Evolution of Both Stress and Energy Fields in MRADS After Pressure Relief by Waterjet

Abstract

Studying on the evolution and mechanism of rock bursts is aimed at preventing them from bursting so as to ensure safety production, and understanding the spatiotemporal evolution properties of stress, energy, and other characteristic parameters in the RADS is aimed at seeking reasonable means to weaken the degrees of both stress concentration and energy accumulation for disaster prevention. In essence, the prevention and control of rock bursts are to affect energy dissipation and stress transfer by changing the mechanical properties of coal rock mass and the external surrounding rock conditions in the RADS. Waterjet with coal rock disintegrating and softening functions can damage the internal structure of coal rock mass and effectively dissipate energy and change the external stress state. Therefore, it is significant examining the development and variation of coal rock mass in the RADS under the action of waterjet pressure relief.
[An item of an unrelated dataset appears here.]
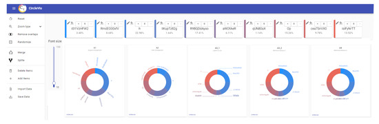 The tool bar can be found on the left side of CircleVis in Figure 13. It contains several interactions to help users extract knowledge from the dataset. As discussed before, the interactions include zooming in or out, adding or removing objects, and changing the font size, labels, percentages, and colors. Additionally, the possibility of using an overlap-removal algorithm is offered. Users can also export or save their data in a structured JSON format or save individual circles as SVG files.

This chapter mainly discusses the mechanism of rock disintegration with waterjet underlined, analyzes the coalbed pressure relief method and energy dissipation behaviors based on waterjet, and preliminarily investigates the waterjet rock-fracturing effect through physical similarity experiment and, based on which, numerically simulates the evolutional characteristics of both stress and energy fields in the MRADS under the pressure relief conditions.